Online Segment Any 3D Thing as Instance Tracking

TL;DR

This work reframes online 3D instance segmentation as an instance-tracking problem to address temporal coherence and fragmentation. It introduces a lightweight tracking architecture with Long-Term Memory, Short-Term Memory, and Spatial Consistency Learning to propagate identities, inject immediate contextual updates, and merge fragmented masks, achieving state-of-the-art AP on ScanNet200 while sustaining real-time throughput. The approach demonstrates strong generalization across ScanNet, SceneNN, and 3RScan and provides extensive ablations that validate the contribution of each module. The work advances embodied perception by enabling robust, temporally-consistent 3D segmentation under partial views and open-vocabulary scenarios.

Abstract

Online, real-time, and fine-grained 3D segmentation constitutes a fundamental capability for embodied intelligent agents to perceive and comprehend their operational environments. Recent advancements employ predefined object queries to aggregate semantic information from Vision Foundation Models (VFMs) outputs that are lifted into 3D point clouds, facilitating spatial information propagation through inter-query interactions. Nevertheless, perception is an inherently dynamic process, rendering temporal understanding a critical yet overlooked dimension within these prevailing query-based pipelines. Therefore, to further unlock the temporal environmental perception capabilities of embodied agents, our work reconceptualizes online 3D segmentation as an instance tracking problem (AutoSeg3D). Our core strategy involves utilizing object queries for temporal information propagation, where long-term instance association promotes the coherence of features and object identities, while short-term instance update enriches instant observations.
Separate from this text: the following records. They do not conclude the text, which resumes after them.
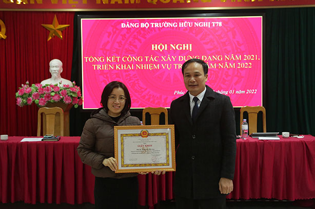 Sáng ngày 21/1, Đảng bộ trường Hữu Nghị T78 tổ chức hội nghị tổng kết công tác xây dựng Đảng năm 2021, triển khai phương hướng, nhiệm vụ trọng tâm năm 2022. Dự hội nghị có đồng chí Lê Phú Thắng Bí thư Đảng ủy, Hiệu trưởng; các đồng chí trong BCH Đảng bộ cùng toàn thể đảng viên thuộc Đảng bộ trường.
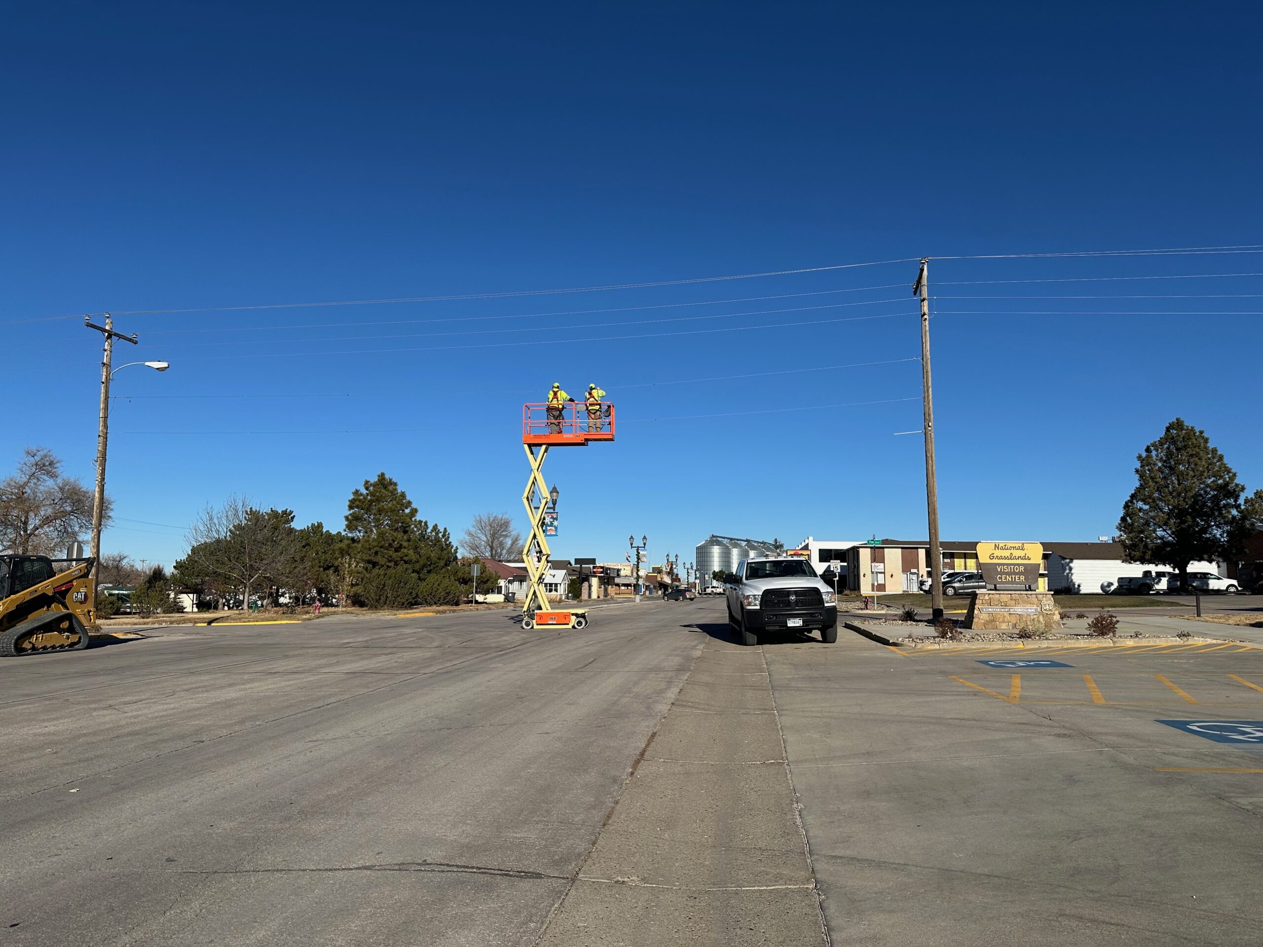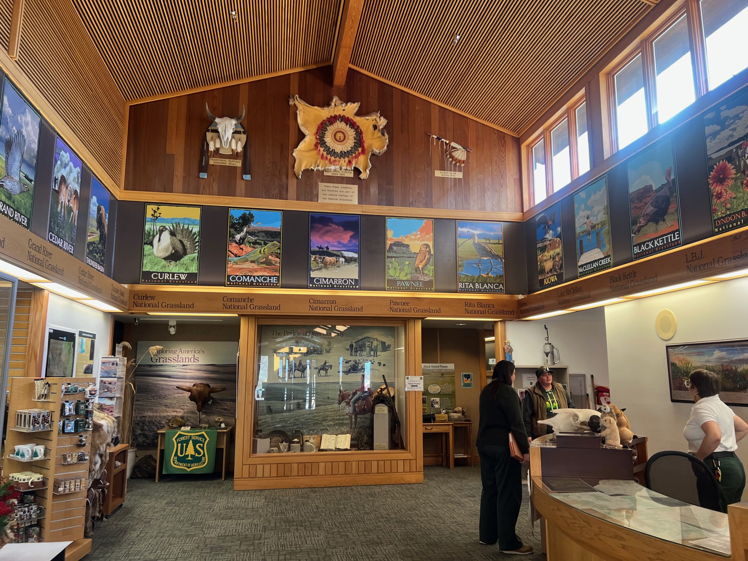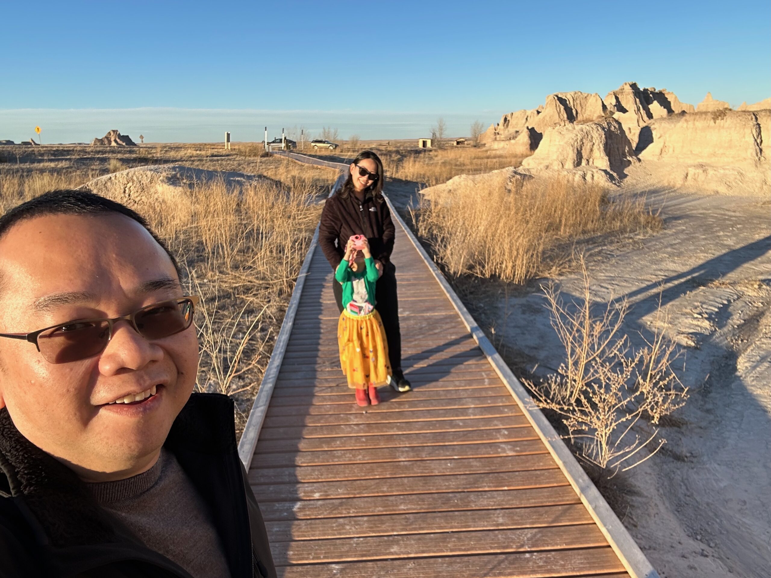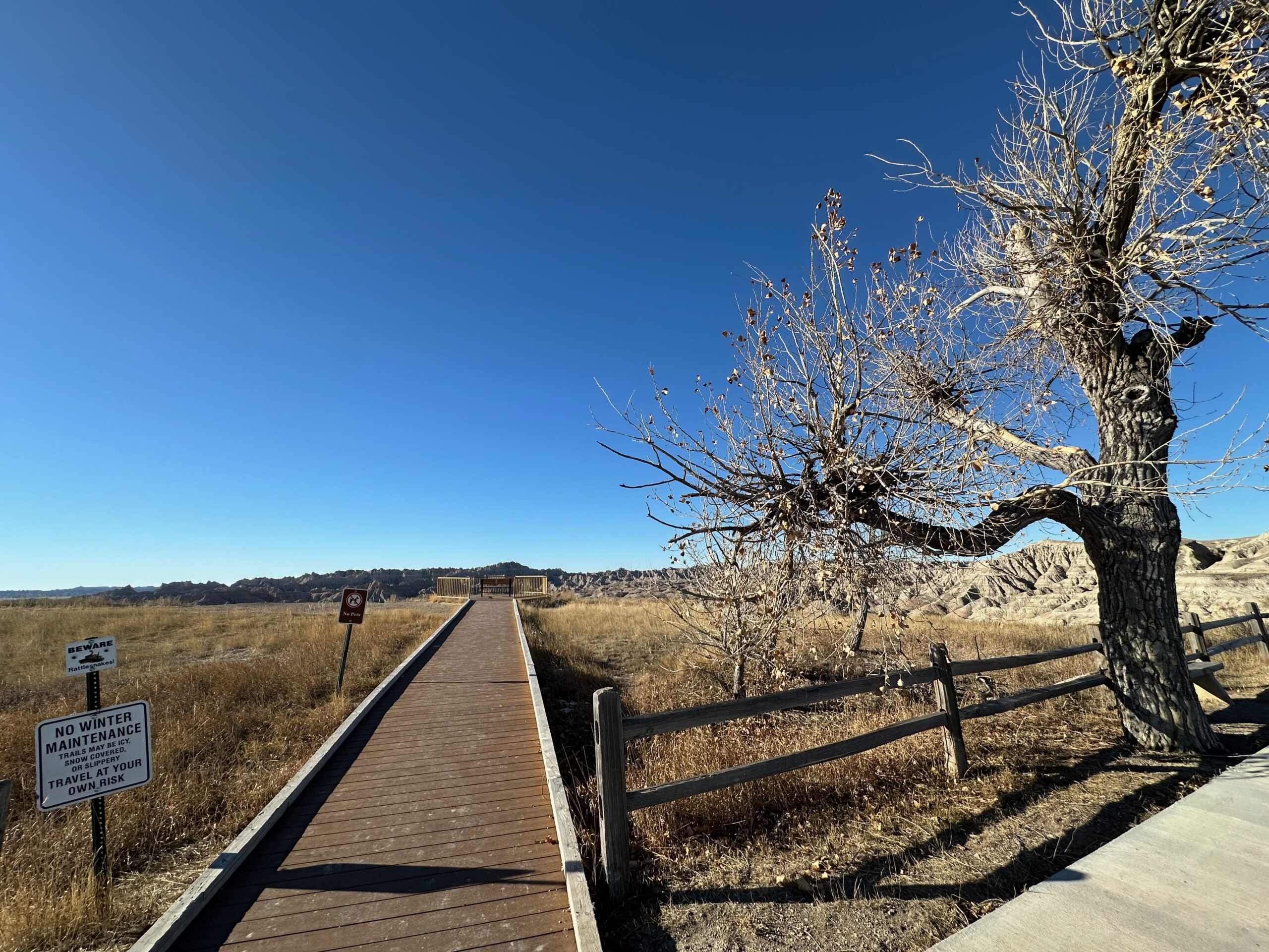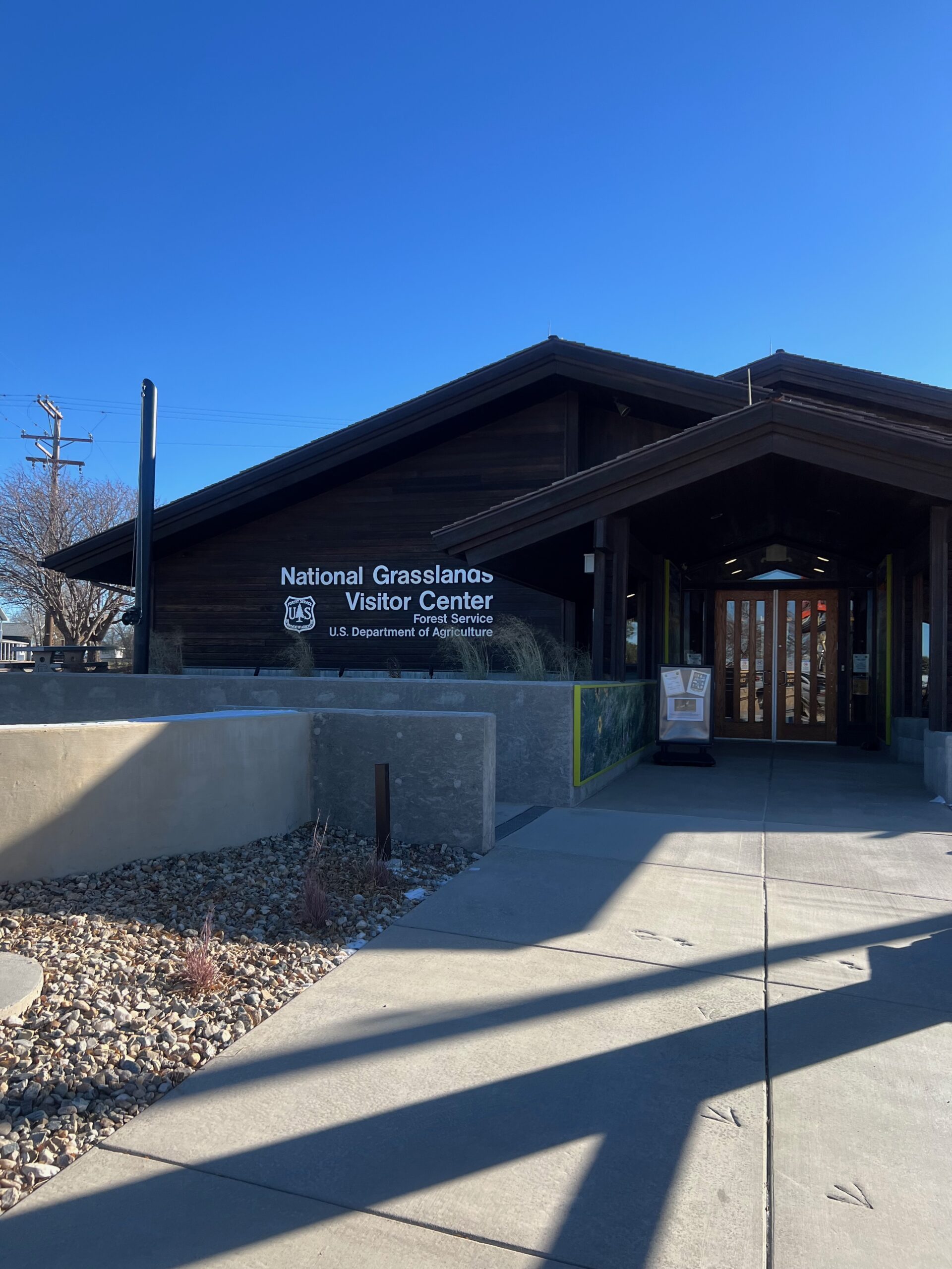 We began the day by checking out of our hotel, Hansen Inn & Cabins. If you’re ever in Wall, we highly recommend staying here. After checking out, we headed back to Wall Drug for breakfast, savoring the charming ambiance of this iconic spot once more. Our next stop was the National Grasslands Visitor Center, where we learned about the local flora and fauna. While inside the Visitor Center, I noticed a couple of guys hanging Christmas ornaments on the power lines outside. It was a quaint sight that highlighted how quiet and serene this town is in winter—they didn’t even need to block the road for their safety.
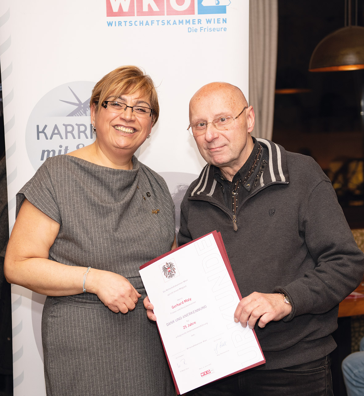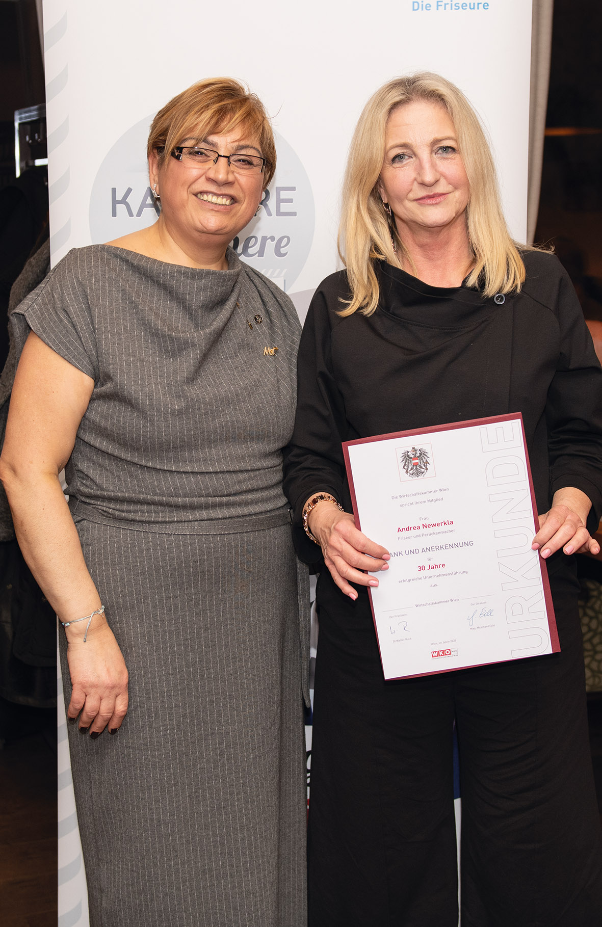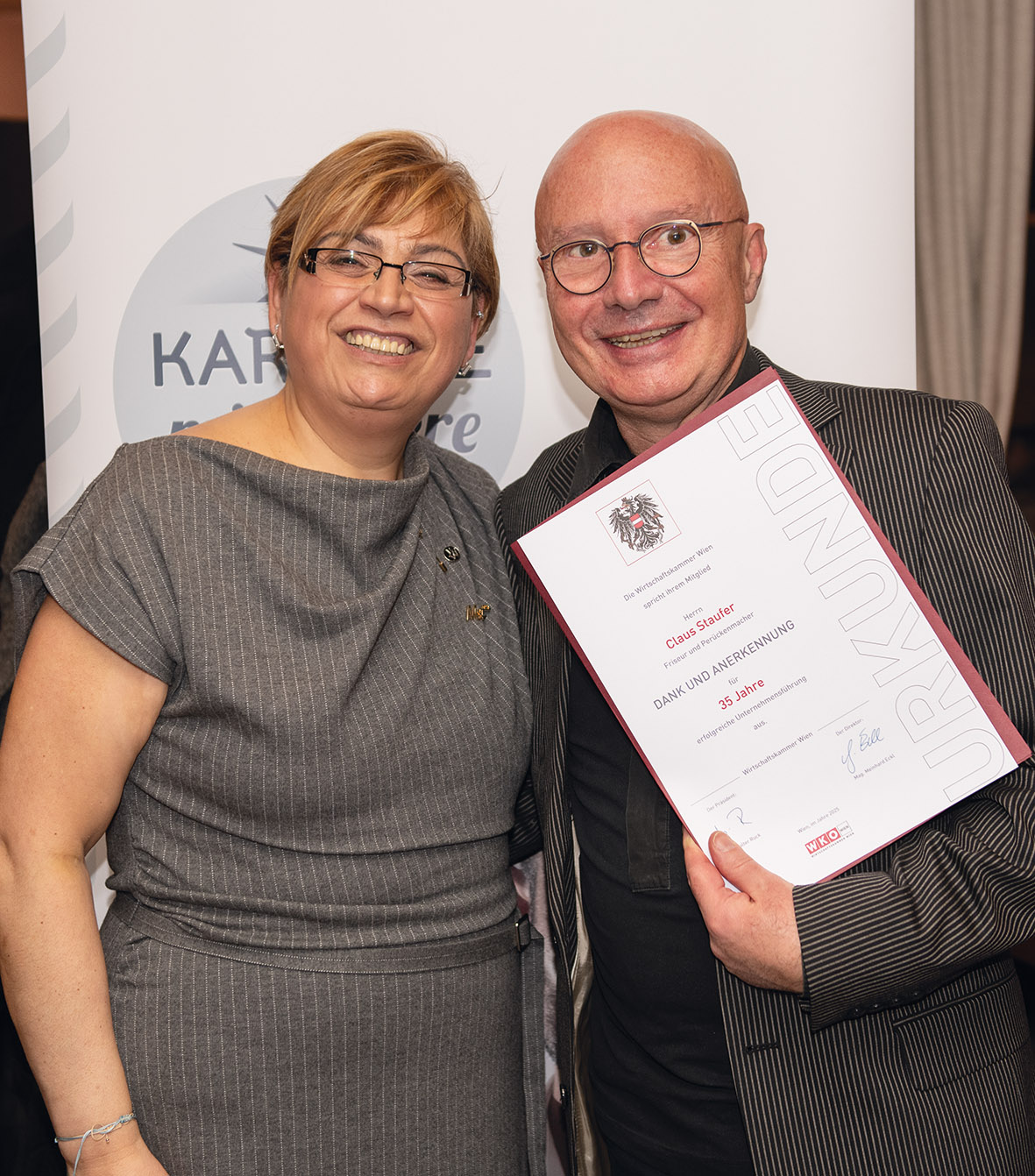 Im Rahmen des heurigen Neujahrempfangs wurden viele Friseurunternehmerinnen und Friseurunternehmer, die auf eine langjährige erfolgreiche Berufserfahrung von 25 bis 45 Jahren zurückblicken konnten, geehrt. Darunter Willi Kirischitz mit 45 Jahren und Claus Staufer mit 35 Jahren.

Given that viewpoint variations in embodied robotics often lead to partial object visibility across frames, this mechanism aids the model in developing a holistic object understanding beyond incomplete instantaneous views. Furthermore, we introduce spatial consistency learning to mitigate the fragmentation problem inherent in VFMs, yielding more comprehensive instance information for enhancing the efficacy of both long-term and short-term temporal learning. The temporal information exchange and consistency learning facilitated by these sparse object queries not only enhance spatial comprehension but also circumvent the computational burden associated with dense temporal point cloud interactions. Our method establishes a new state-of-the-art, surpassing ESAM by 2.8 AP on ScanNet200 and delivering consistent gains on ScanNet, SceneNN, and 3RScan datasets.

Paper Structure

This paper contains 13 sections, 14 equations, 2 figures, 8 tables.

Figures (2)

  • Figure 1: This diagram delineates the operational mechanisms of our constituent modules. Spatial Consistency Learning (SCL) mitigates the over-segmentation tendencies of VFM by employing a one-to-many supervision strategy during the training phase and utilizing learning-based mask integration at the inference stage. The Short-term Memory (STM) module enriches current instance representations by integrating observational data from prior frames. Furthermore, the Long-term Memory (LTM) module is engineered to associate instances, segmented by the Visual Front-end Module (VFM), with established tracklets in memory, consequently enhancing temporal consistency.
  • Figure 2: Visualization of segmentation results on ScanNet200 dataset.